The researchers tried to control for confounding factors, statistically matching for age and other risk factors. The results are statistically robust, but they need to be confirmed with further sets of data. Of note, other neurological diseases were not increased in COVID-positive people. The effects seem to be limited to neurodegenerative disorders and neurovascular disorders, but not autoimmune diseases or other neurological disorders.
This fits with prior evidence that infections resulting in brain inflammation can increase the risk of neurodegenerative diseases, like Alzheimer’s disease and Parkinson’s. This also fits the natural history of COVID, which can cause headaches and “brain fog”, suggesting that infection can affect the brain. Often these symptoms persist long after the acute respiratory infection.
In addition to confirming these associations, further research should explore the degree to which vaccination prevents this increased risk in those who get COVID despite being vaccinated. We know that the COVID vaccines reduce the risk of developing long COVID, with estimates in the literature varying from 15% to 50% reduction. It’s probable that vaccines would similarly reduce this increased risk in neurological disease, and since we are talking about serious illnesses, such as Alzheimer’s and stroke, even the lower end would represent a significant reduction in morbidity. But we need to study this directly.
We also have to put these findings in to the context of ongoing research into similar effects of contracting the flu. Recent research has also been moving in the direction of an association between getting the flu and later risk of neurodegenerative disorders. The current Danish study also found this association, at similar levels to COVID, except for ischemic stroke, which was higher in COVID.
This does not mean that diseases like Alzheimer’s and Parkinson’s are entirely caused by viral infections, but such infection may be one trigger of neurodegeneration, or exacerbate it so that it presents earlier. This association is further supported by a recent study showing that getting flu vaccines reduces the risk of developing Alzheimer’s disease:
From the unmatched sample of eligible patients (n = 2,356,479), PSM produced a sample of 935,887 flu–vaccinated-unvaccinated matched pairs. The matched sample was 73.7 (SD, 8.7) years of age and 56.9% female, with median follow-up of 46 (IQR, 29–48) months; 5.1% (n = 47,889) of the flu-vaccinated patients and 8.5% (n = 79,630) of the flu-unvaccinated patients developed AD during follow-up. The RR was 0.60 (95% CI, 0.59–0.61) and ARR was 0.034 (95% CI, 0.033–0.035), corresponding to a number needed to treat of 29.4.

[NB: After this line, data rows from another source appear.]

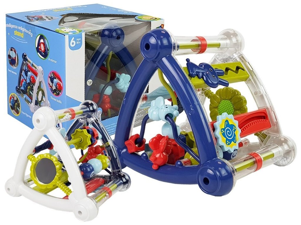 Colourful Educational Cube Rattle Shapes Mirror for Baby White and Blue
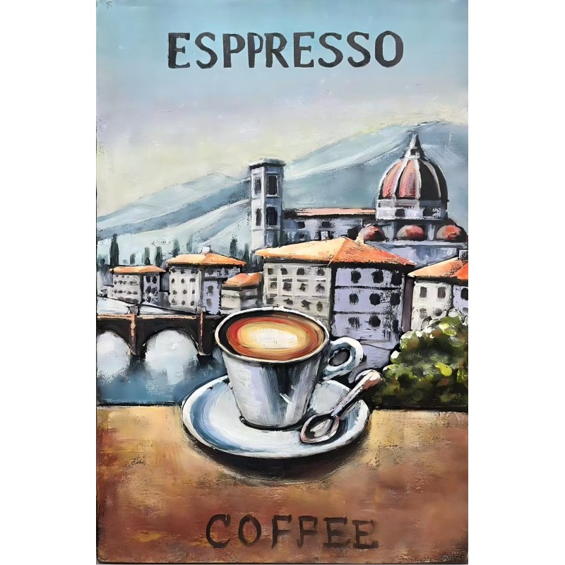 Représentation d'un petit café prêt à être dégusté, avec en arrière plan, un paysage urbain italien.
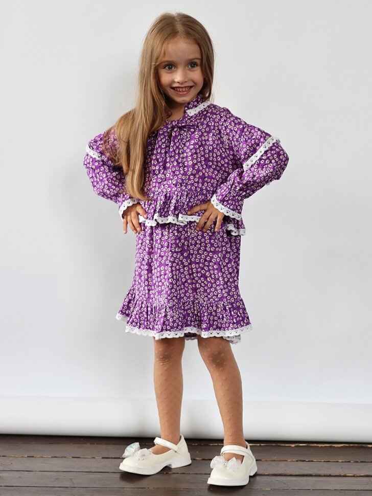 Купить Платье для девочки нарядное бушон ST60, цвет фиолетовый (116-122)
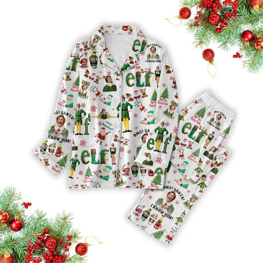 Lunariqwear™ Christmas Elf Movie Button Pajamas Set
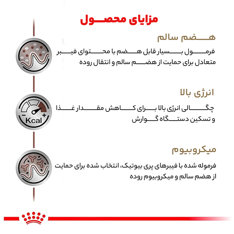 غذای خشک گربه گسترواینتستینال رویال کنین (Royal Canin Gastrointestinal) با طعم مرغ و گوشت به طور خاص برای گربههایی طراحی شده است که مشکلات گوارشی دارند، مانند التهاب معده، اسهال، استفراغ، یا سایر اختلالات دستگاه گوارش. این غذا به بهبود عملکرد دستگاه گوارش و مدیریت مشکلات گوارشی کمک میکند.
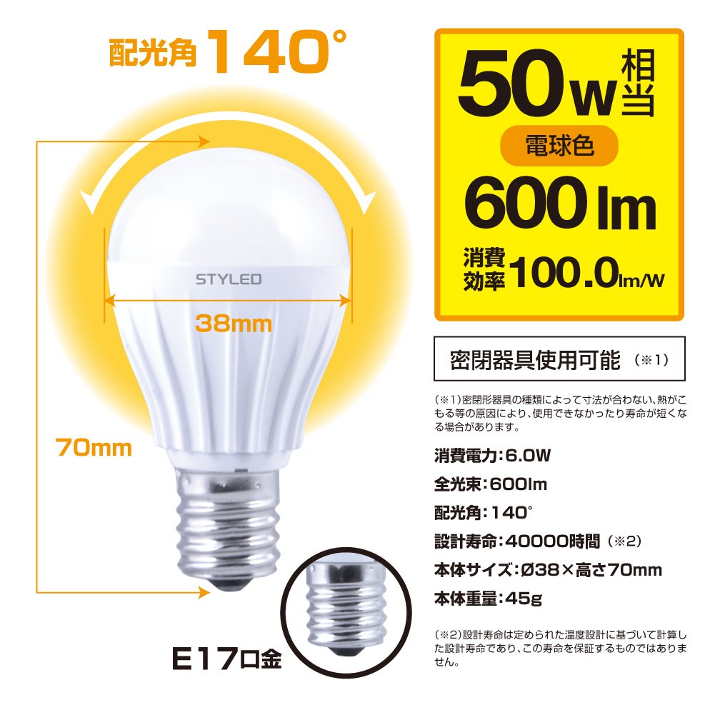 Since light spreading (light distribution) differs from a light bulb, appropriate light distribution and brightness may not be obtained depending on the type of appliance (such as the equipment in which the lamp is oriented sideways or diagonally)

That’s a relative risk reduction of 40% with an absolute risk reduction from 8.5% to 5.1% (3.4%). Again, that is highly significant, which means at least two things. First this is more evidence to support a causal link between certain viruses and neurodegenerative disease, in this case the flu viruses with Alzheimer’s. But also it highlights the protective roll of vaccines in preventing this risk. There was also a dose-response effects, with a greater number of annual flu vaccines being more protective.
The evidence is now moving in the direction that COVID is similar to flu in that it also increases the risk of degenerative diseases, with the added burden of also increasing neurovascular disorders. And while we have to confirm this, it seems highly likely that COVID vaccines will have a similar protective effect as do flu vaccines.
What all of this means is that there is a huge benefit to getting an annual flu vaccine, and likely to getting vaccinated against COVID and keeping up to date on boosters. Don’t let the lull in COVID cause a false sense of safety. This remains a serious illness, we have the tools to fight it, and we need to use them.